Interpol looks to exit its moody cul-de-sac on ‘Marauder’

- By GREG KOT

It’s surprising that it took six albums for Interpol to release a song titled “Surveillan­ce,” but it finally arrives on “Marauder” (Matador). It’s emblematic of an album that tries to respect the band’s past while pushing beyond it with a danceable rhythm and a brighter than expected chorus.

The trio, once part of the next-big-thing wave out of New York in the early 2000s that included the Strokes and Yeah Yeah Yeahs, made its mark with overcast songs that all suggested a scene from a noir movie in which the characters smoked cigarettes and sported discreet Joy Division tats. Nostalgia-act purgatory loomed when Interpol marked the 15th anniversar­y of its 2002 debut album, “Turn on the Bright Lights,” with a 2017 play-the-hits tour.

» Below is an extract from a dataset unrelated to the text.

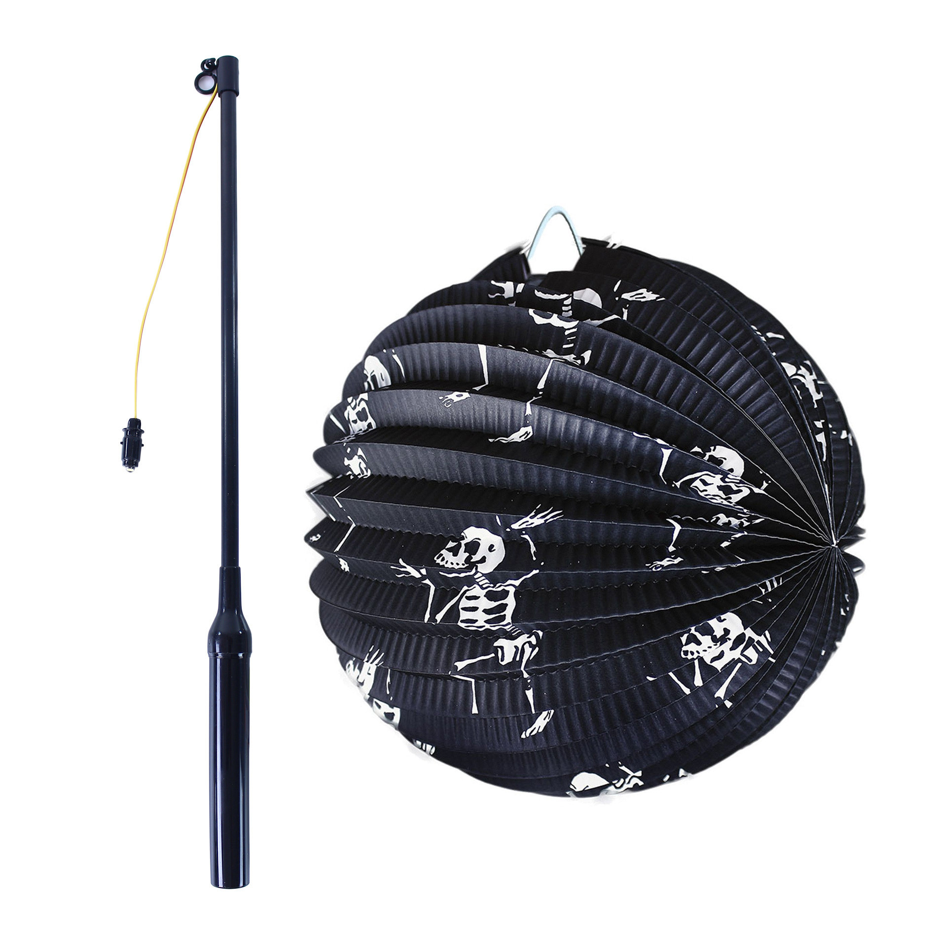 Lampion s halloweenským v černé barvě s bílým potiskem koster ti nesmí chybět na lampionovém průvodu! Součástí balení je i hůlka.

But “Marauder” isn’t content to recycle the past. Producer Dave Fridmann was brought on board to spruce things up, and he ramps up the prominence of drummer Sam Fogarino in the mix. His presence is immediatel­y felt in the swinging leadoff track, “If You Really Love Nothing,” beneath Daniel Kessler’s tolling guitar and singer Paul Banks’ shadowy anxiety: “On what future do we build illusions.” It’s one of Interpol’s best recent songs, but its standard proves difficult to maintain on what is in many ways a typically hit-and-miss latter-day Interpol album.

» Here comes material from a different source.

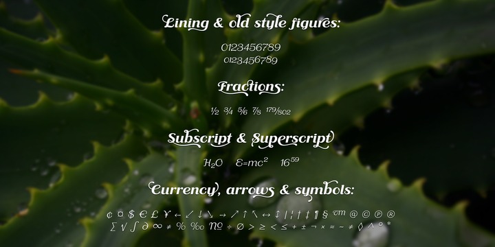 Each weight has over 900 glyphs including advanced typographic features, such as vast number of stylistic alternates, swashes, titling and terminal forms, case sensitive forms, ligatures, symbols, ornaments as well as lining and old style figures, fractions, subscripts and superscripts.

Fogarino’s propulsive foundation and the layered haunted-house backing vocals keep “The Rover” moving, but the vague soul accents in “Complicati­ons” and the gothic overtones of “Stay in Touch” sound like genre exercises rather than fully fleshed out songs. The surging “Mountain Child” builds a giddy momentum even as it glances ruefully backward, “We used to rule back then … What did we used to rule back then?”

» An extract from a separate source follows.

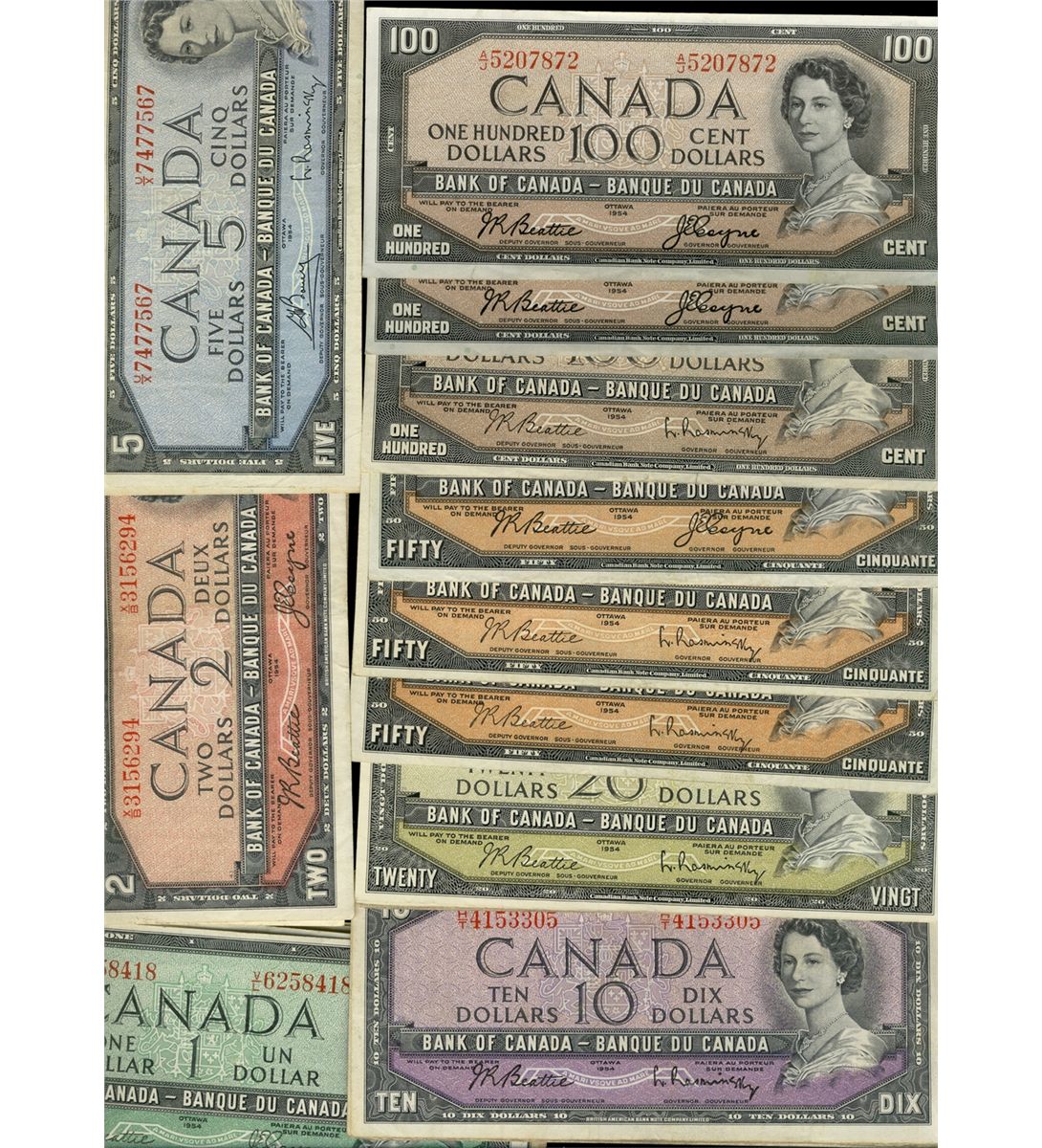1954 Banknote Lot; includes Modified issues $1(10), $(7), $5(2), $10(5), $20(10), $50(3) & $100(3).

The letting go of what was — that’s the hardest part, and as long as Interpol continues to reference the mood and menace of its earliest recordings, its new work will continue to suffer in comparison. A handful of songs on “Marauder” point a way forward, none more so than “Number 10.” It’s a toss-off about an office romance. But it feels free, insouciant, less burdened by the need to be poetic, dark and mysterious. And also, crucially, it rocks as if the band performing it has nothing to lose.